REQUIRED ACTION: Please copy exactly the part of the records below that opens with the line containing "Ryûji et Sayuri, douze" and closes with the line containing "Übung 2 Schreiben", leaving out any pictures.

THE RECORDS:
__________________________________________________

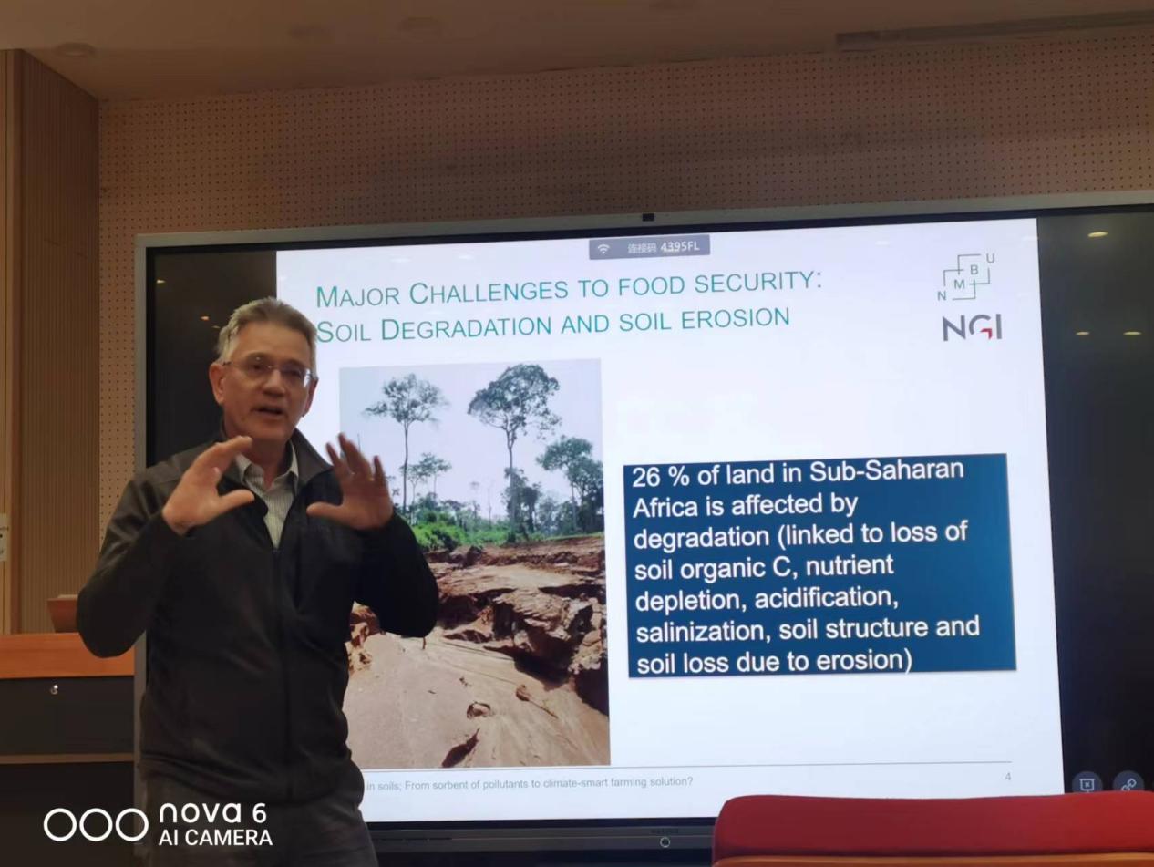 Jan Mulder教授为清华大学客座教授,多年来一直从事陆地生态系统碳、氮和微量元素的生物地球化学循环过程的研究,目前主要关注全球变化背景下温室气体排放、多种元素的生物地球化学循环和生物碳对改善农业土壤质量的影响等,发表论文170余篇,H-index达 57。学术报告中,Jan Mulder教授介绍了生物炭(Biochar)在改善土壤结构、增加土壤肥力、提高农作物产量等方面的功效,深入讲解了其在非洲和南亚多国农业领域的应用。
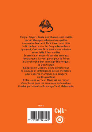 Ryûji et Sayuri, douze ans chacun, sont invités par un étrange corbeau à trois pattes à rejoindre leur ami, Père Kazé, pour fêter la fin de leur scolarité. Ce que les enfants ignorent, c'est que Père Kazé a une mission essentielle à leur confier. Ensemble, et escortés par des animaux fantastiques, ils vont partir pour le Pérou à la recherche d'un animal préhistorique : le Doedicurus. L'Expédition Doecuru devra compter sur le courage et l'intelligence de ses membres pour espérer triompher des dangers qui les guettent. Entre Jules Verne et Miyazaki, un roman d'aventures pour les amoureux de la nature, illustré par le maître du manga Taiyô Matsumoto.
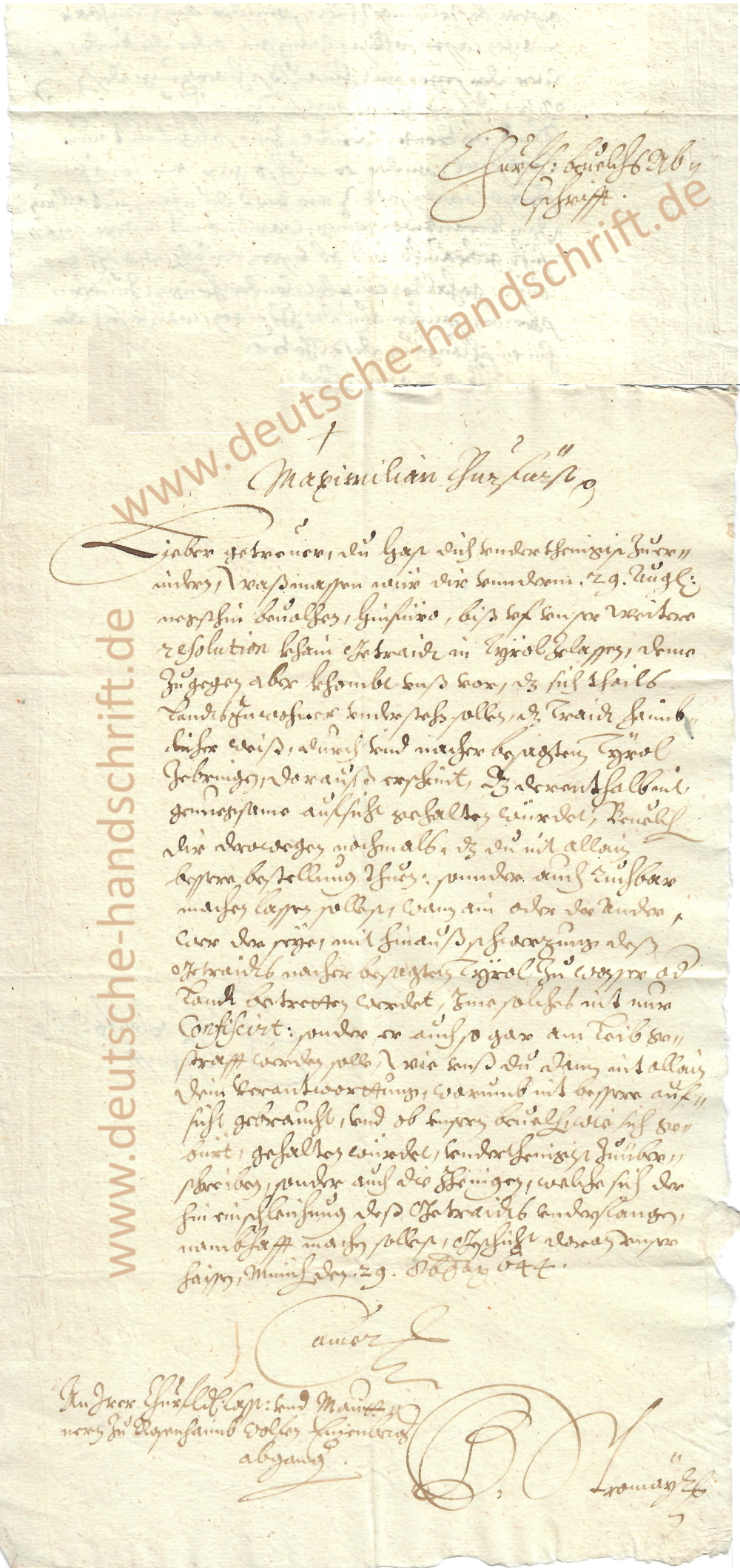 Übung 2 Schreiben / Befehl des Churfürsten Maximilian, München - 29.10.1644 (bzgl. Getreide nach Tirol)
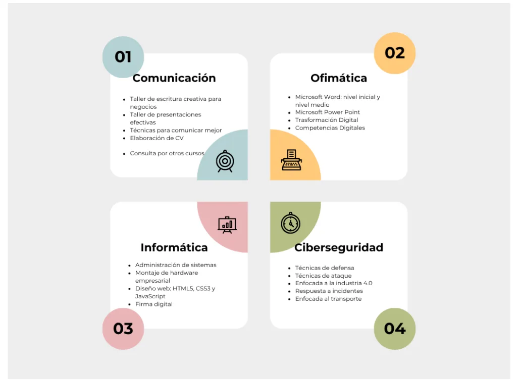 Creemos en el poder de la formación para transformar carreras y empresas. Por ello, ofrecemos cursos diseñados para diferentes niveles y necesidades: desde informática básica hasta ciberseguridad avanzada.
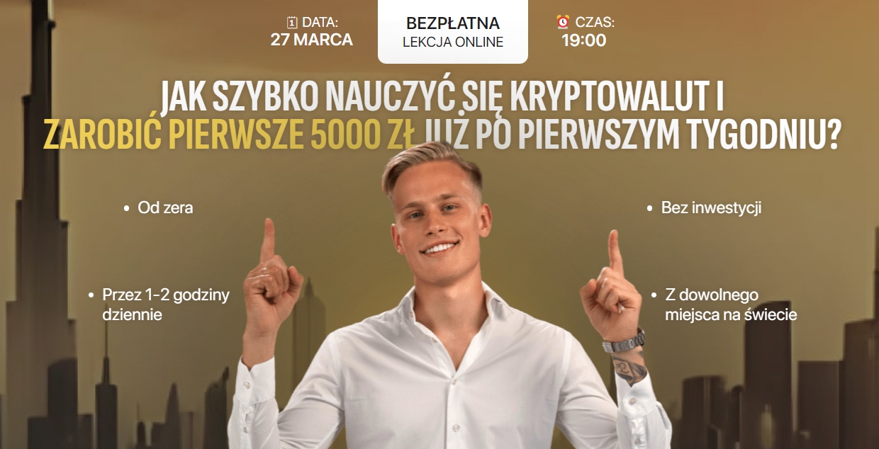 Kryptowaluty to dla Ciebie idealna opcja! Z dowolnego miejsca na świecie, a w dodatku z telefonu możesz zarabiać nawet od 5.000 zł. Na lekcji online ujawnię 13 sposobów zarabiania na krypto zarówno z inwestycjami, jak i BEZ inwestycji, które działają od zaraz.

__________________________________________________

RESPONSE AREA:
 Ryûji et Sayuri, douze ans chacun, sont invités par un étrange corbeau à trois pattes à rejoindre leur ami, Père Kazé, pour fêter la fin de leur scolarité. Ce que les enfants ignorent, c'est que Père Kazé a une mission essentielle à leur confier. Ensemble, et escortés par des animaux fantastiques, ils vont partir pour le Pérou à la recherche d'un animal préhistorique : le Doedicurus. L'Expédition Doecuru devra compter sur le courage et l'intelligence de ses membres pour espérer triompher des dangers qui les guettent. Entre Jules Verne et Miyazaki, un roman d'aventures pour les amoureux de la nature, illustré par le maître du manga Taiyô Matsumoto.
 Übung 2 Schreiben / Befehl des Churfürsten Maximilian, München - 29.10.1644 (bzgl. Getreide nach Tirol)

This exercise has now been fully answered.